Neuromuscular Disorders Program
The Neuromuscular Disorders Program at Children's Hospital of Wisconsin offers collaborative, multidisciplinary care for a variety of neuromuscular disorders.
What are neuromuscular disorders?
In addition to helping kids run and jump, muscles pump blood throughout the body (the heart), allowing them to speak and breathe and more. Because we rely upon our muscles to do so much of what makes life enjoyable or even possible, it is important that any problems be treated by specialists as soon as they are suspected.
Neuromuscular disorders are a collection of diseases characterized by muscle weakness or dysfunction. These diseases may be related to how the nerves communicate with the muscles or a breakdown of the muscles themselves. Whatever the cause, muscle weakness is typically the result.
Treating your child’s condition early is the best way to ensure he or she is able to live as active a life as possible. Our experienced and caring team of doctors and volunteers work with your child to build confidence as they develop or recover skills they need at home, school and play.

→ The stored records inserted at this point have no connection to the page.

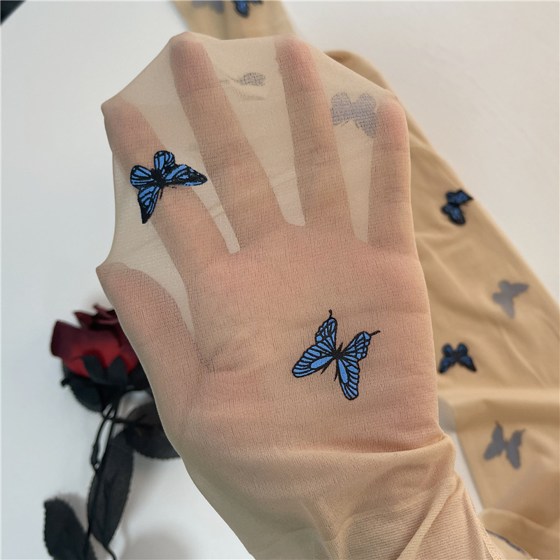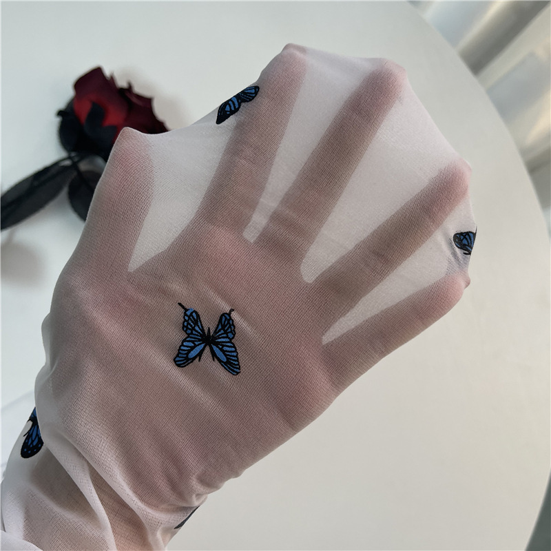 任意剪蓝色蝴蝶结丝袜女纯欲风白丝袜性感印花防勾丝连裤袜子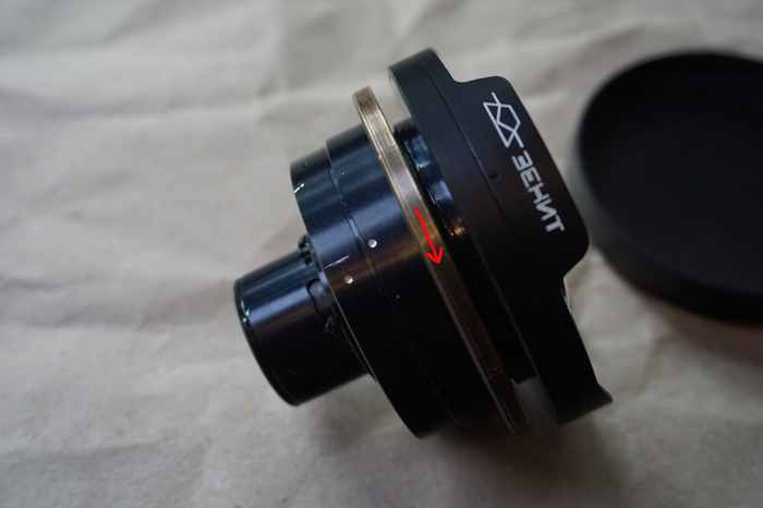 для этого нужно прокрутить бронзовое кольцо в направлении указаном стрелкой, пока линзоблок не углубится до момента, когда направляющие выйдут из зацепления с алюминиевым кольцом.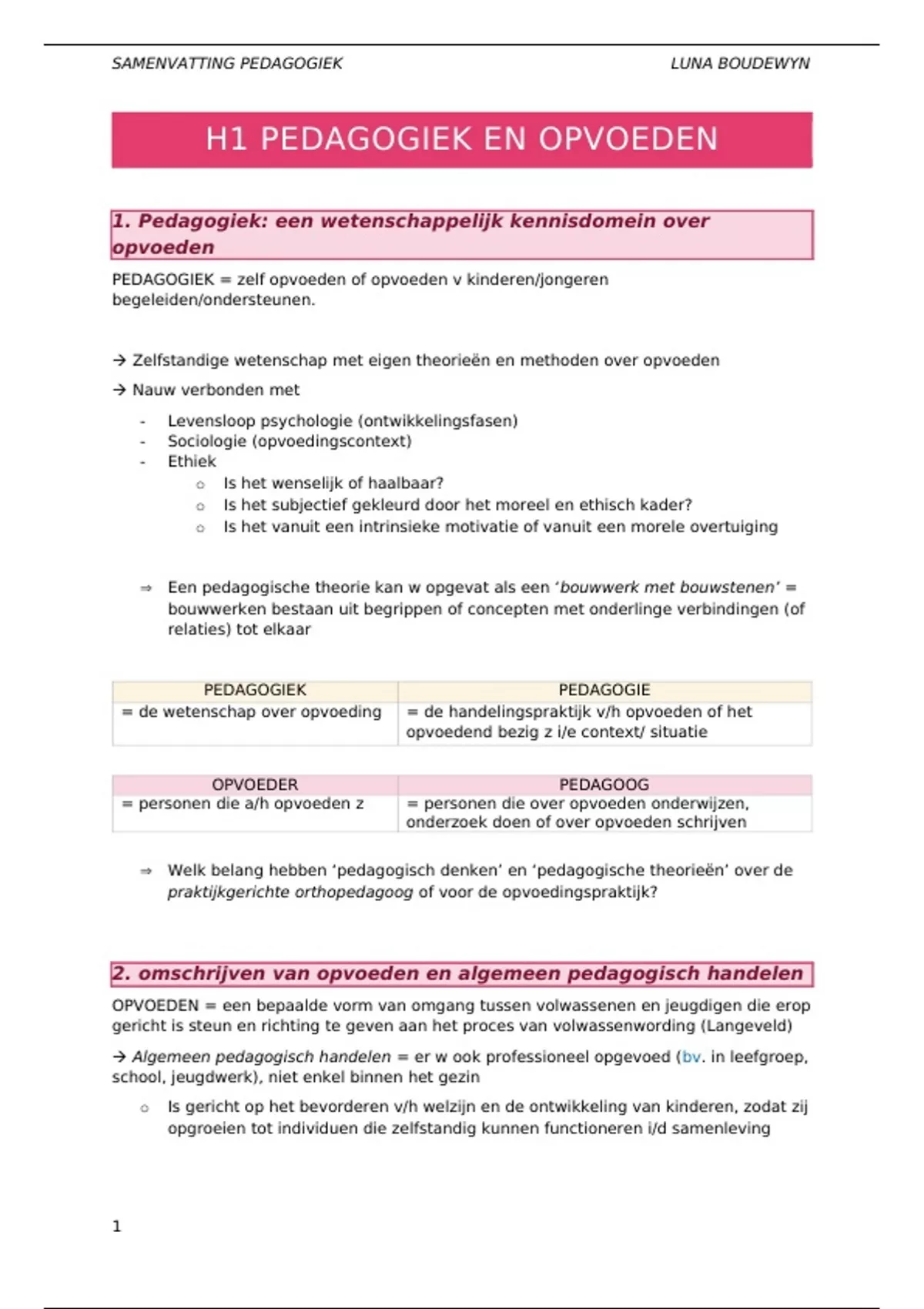 , SAMENVATTING PEDAGOGIEK LUNA BOUDEWYN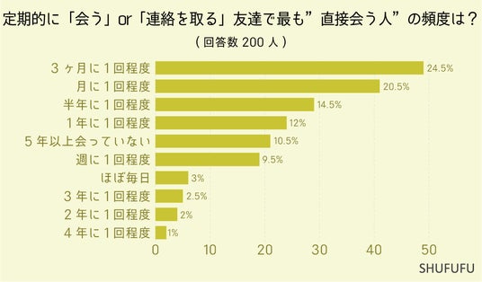 定期的に「会う」or「連絡を取る」友達で最も”直接会う人”の頻度を尋ねたところ、1位は「3ヶ月に1回程度(24.5%)」、2位「月に1回程度(20.5%)」となりました。ほぼ毎日という方は「3%」となりました。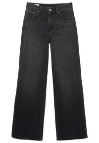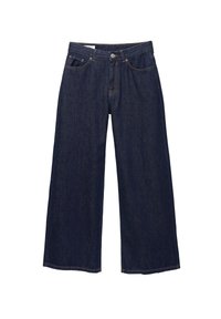 Bruine top met lange mouwen gecombineerd met lichtblauwe jeans met wijde pijpen en een iets rafelige zoom, aangevuld met bruine suède schoenen.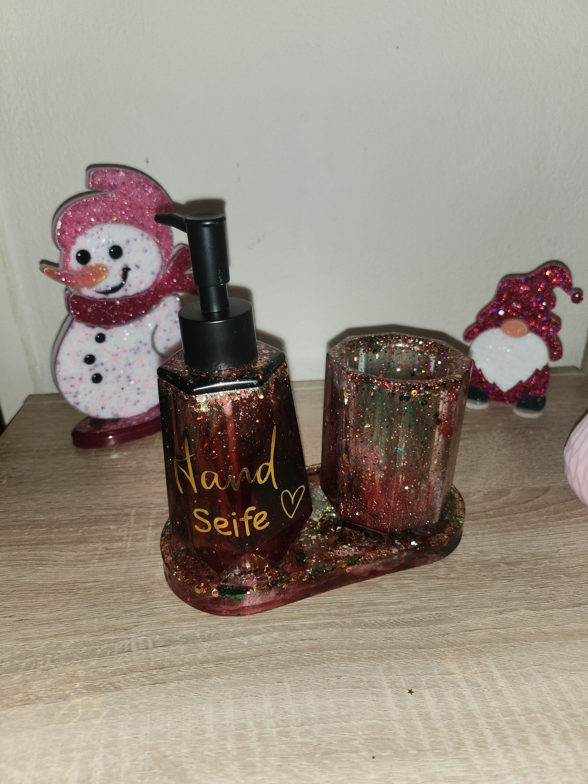 In Rot /Grün Glitzer bestehend aus Seifenspender Klein ,Zahnputzbecher klein und Tablett inkl Schriftzug

Neuromuscular disorders we treat
The neurologists in the Neuromuscular Program at Children’s work with a variety of other specialists, including physiatrists (rehab physicians), pulmonologists, physical and occupational therapists, cardiologists, genetics counselors, orthopedic specialists, physician assistants, nurses, social workers and mobility experts, all to give your child the very best care available.
Our specialists treat the full range of neuromuscular disorders, including:
- Duchenne and Becker muscular dystrophy – muscle weakness and breakdown
- Limb girdle muscular dystrophy – muscle weakness that occurs in the arms and the legs near to where they join the body
- Congenital dystrophies – inherited muscle weaknesses
- Spinal muscular atrophy - muscle weakness along the backbone and in the muscles of posture
- Congenital myopathies – inherited muscle weakness because of a problem with the muscles themselves
- Myasthenia gravis – disease where the body accidentally destroys the nerves’ communication with the muscles by thinking that they are foreign
- Myotonic dystrophies and other myotonic disorders – delayed relaxation after contracting muscles
- Charcot-Marie tooth disease and other hereditary neuropathies – inherited muscle weakness because of a problem with how the nerves communicate with the muscles
- CIDP and other polyneuropathies – inherited muscle weakness because of a problem with how the nerves communicate with the muscles
- Friedreich’s ataxia – a progressive disease that breaks down the nerves and muscles and shortens life
Warning signs of neuromuscular disorders
- Clumsy movement
- Difficulty climbing stairs
- Frequently tripping and falling
- Unable to jump or hop normally
- Tip-toe walking
- Difficulty breathing
- Difficulty sitting or getting up
Diagnosis & treatment
At Children's Hospital of Wisconsin, after we evaluate your child’s medical history, we conduct a physical examination and test his or her reflexes. Our specialists may perform blood tests, specialized DNA tests, pediatric EMG/NCV, and/or remove small amount (biopsy) of effected nerves and muscles for direct examination.
We begin by conducting a thorough history and physical exam, with the latter focusing on a neuromuscular examination that includes assessment of strength, coordination, sensation, and reflexes. Based on the physician's findings, they may recommend additional evaluations such as blood tests including genetic testing, an electrocardiogram, or electrodiagnostic testing. Electrodiagnostic testing includes nerve conduction studies and electromyography. These are detailed, quantitative tests of nerve and muscle and are an extension of the clinical examination. This testing is performed by neurologists who are also board certified in Electrodiagnostic Medicine. In some instances, a biopsy of the muscle or nerve may be recommended to help make a diagnosis. These biopsies are all read and interpreted by Children's staff who have special expertise in neuromuscular disorders.
An electromyogram (EMG) will be used to determine if weakness stems from the muscle or the nerves, and an electrocardiogram (ECG or EKG) will determine whether or not the heart muscle has been damaged. This is all in an effort to provide the most accurate diagnosis for targeted treatment that is as unique as your child.
Depending on the specifics of your child’s condition and your input as a parent, a variety of treatments may be recommended. Our cutting-edge treatments include plasmapheresis and immunoglobulin therapies, which help in auto-immune disorders like myasthenia gravis.
There is no treatment for muscle breakdown; we can only slow its progress and give your child the skills and aids they need to move as freely as possible. This may include physical therapy and rehabilitation or orthopedic surgery. Specialists in our award-winning scoliosis program are also available to consult or treat, as needed.
We also offer psychological counseling, and have a wide variety of equipment that will improve your child’s mobility and allow him or her to build confidence through independent movement.